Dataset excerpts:
== Segment start ==
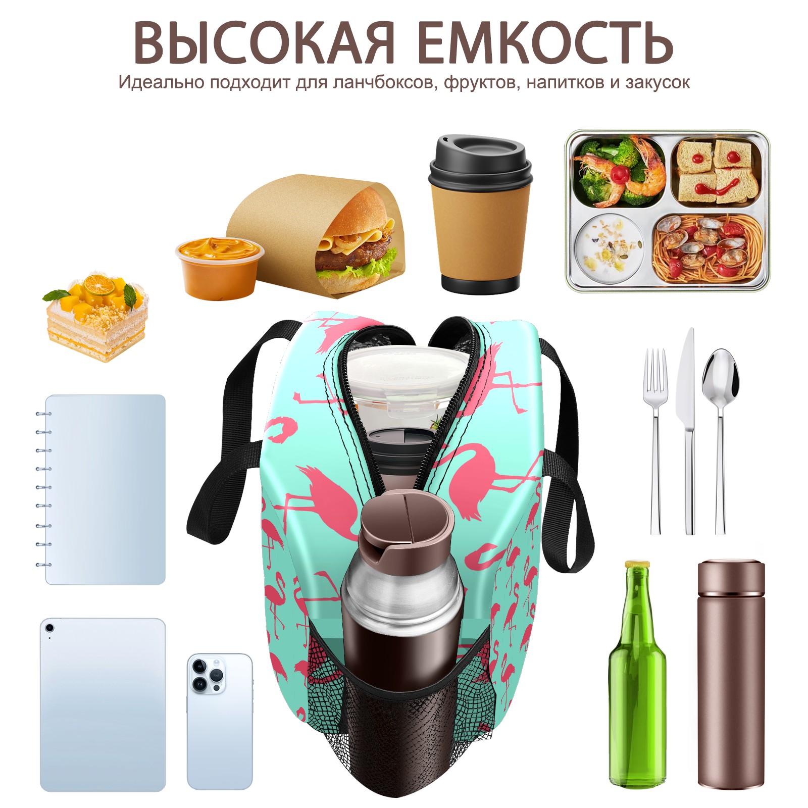 Lunch Bag,Lunch Box for Women Men,Flamingo Pattern Reusable Insulated Lunch Tote,Small Leakproof Cute Lunch Cooler with High Capacity for Work,Picnic,Camping
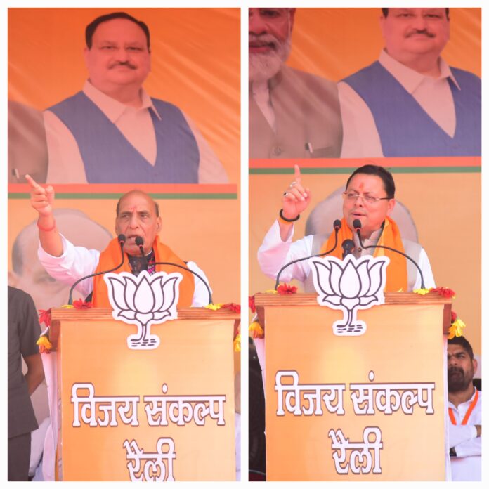 केंद्रीय रक्षा मंत्री राजनाथ सिंह एवं मुख्यमंत्री धामी ने काशीपुर में आयोजित विजय संकल्प रैली को किया संबोधित
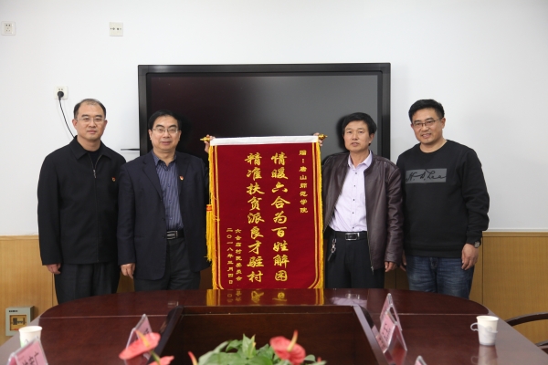 2018年3月8日,beat365官网定点帮扶的承德市围场满族蒙古族自治县腰站镇六合店村的村委会主任司建春等8位村民代表,不远千里,风尘仆仆地来到唐山,代表全体村民为beat365官网及beat365官网驻六合店村工作组赠送锦旗。
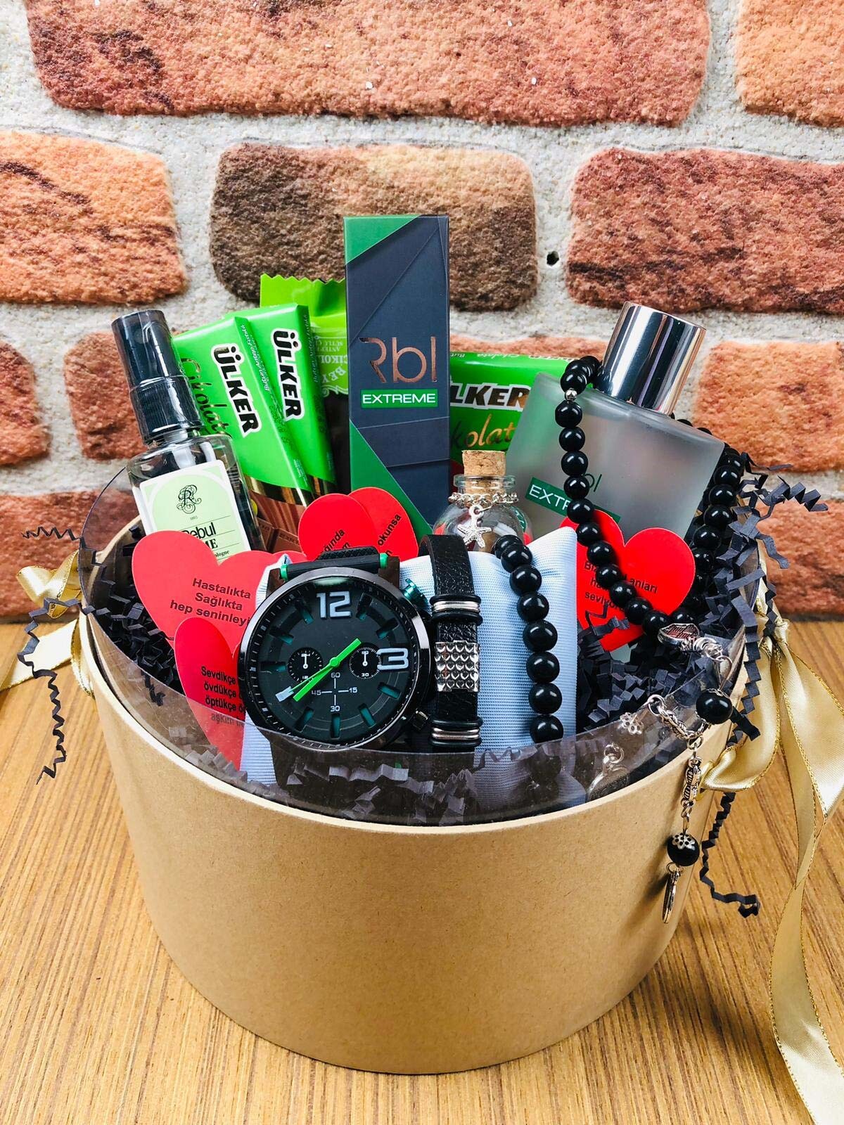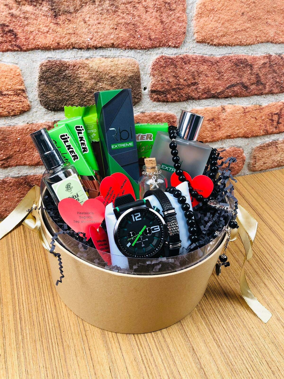 Yeşil Konsept Erkek Set, içeriğinde birbirinden şık ve anlamlı ürünleri barındırıyor. Bu özel setin içeriğinde 1 adet özel seçilmiş parfüm, 1 adet sprey, 1 adet modern tasarımlı saat, 2 adet bileklik, çikolata çeşitleri ve zarif bir cam tüp yer alıyor. Bu zengin içerik, seti alacak kişiyi hem görsel hem de duygusal olarak tatmin ediyor.
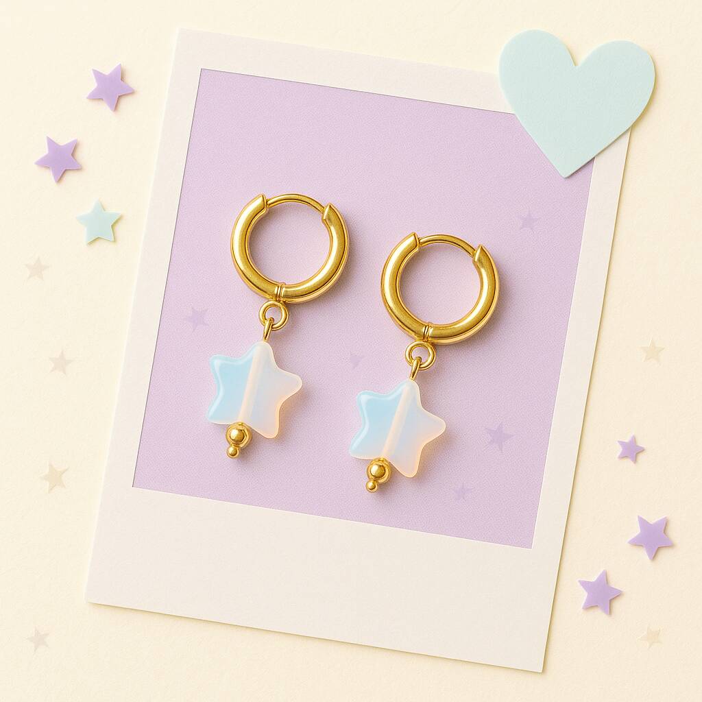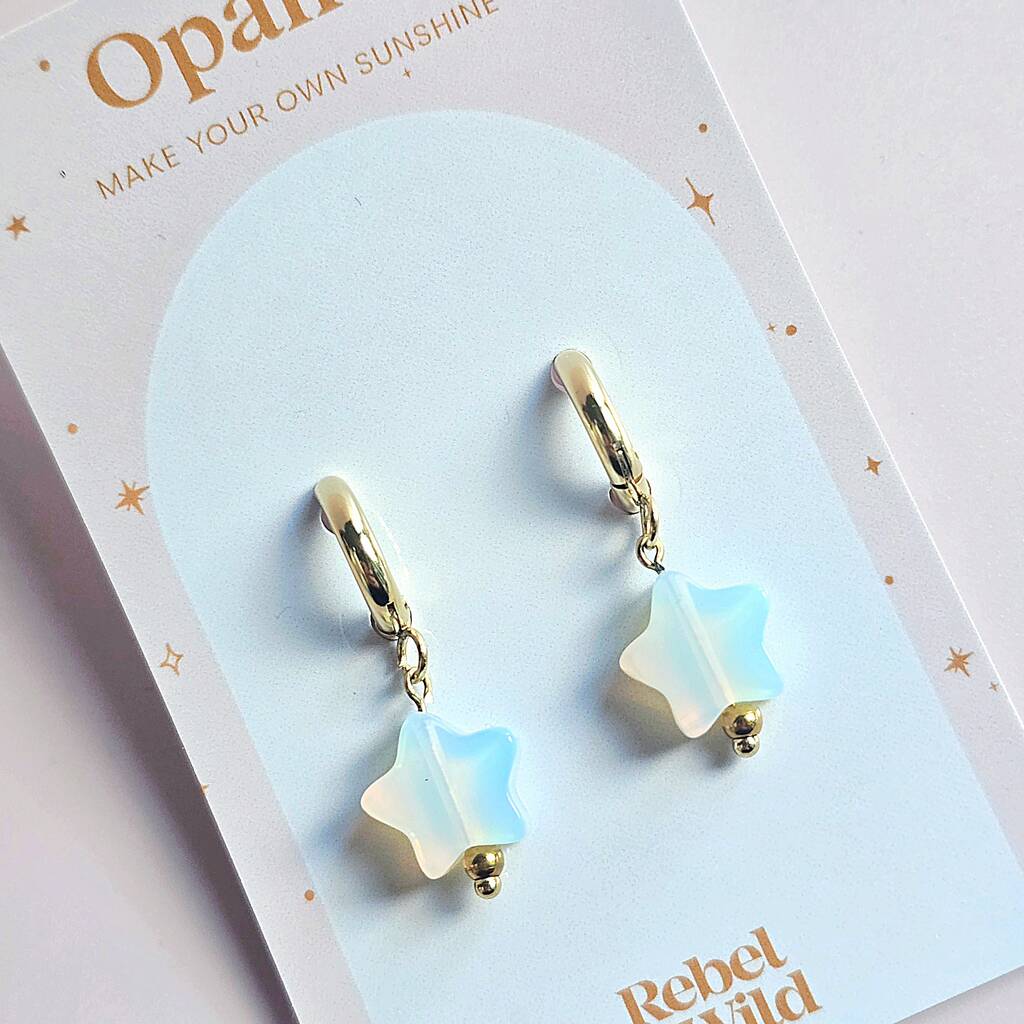 Dreamy opalite star huggie earrings inspired by soft, uplifting Taylor coded aesthetics. A subtle sparkle for everyday magic.
== Segment end ==
Task directions:
Please copy the data above character for character, skipping any pictures.

Solution for this task:
 Lunch Bag,Lunch Box for Women Men,Flamingo Pattern Reusable Insulated Lunch Tote,Small Leakproof Cute Lunch Cooler with High Capacity for Work,Picnic,Camping
 केंद्रीय रक्षा मंत्री राजनाथ सिंह एवं मुख्यमंत्री धामी ने काशीपुर में आयोजित विजय संकल्प रैली को किया संबोधित
 2018年3月8日,beat365官网定点帮扶的承德市围场满族蒙古族自治县腰站镇六合店村的村委会主任司建春等8位村民代表,不远千里,风尘仆仆地来到唐山,代表全体村民为beat365官网及beat365官网驻六合店村工作组赠送锦旗。
 Yeşil Konsept Erkek Set, içeriğinde birbirinden şık ve anlamlı ürünleri barındırıyor. Bu özel setin içeriğinde 1 adet özel seçilmiş parfüm, 1 adet sprey, 1 adet modern tasarımlı saat, 2 adet bileklik, çikolata çeşitleri ve zarif bir cam tüp yer alıyor. Bu zengin içerik, seti alacak kişiyi hem görsel hem de duygusal olarak tatmin ediyor.
 Dreamy opalite star huggie earrings inspired by soft, uplifting Taylor coded aesthetics. A subtle sparkle for everyday magic.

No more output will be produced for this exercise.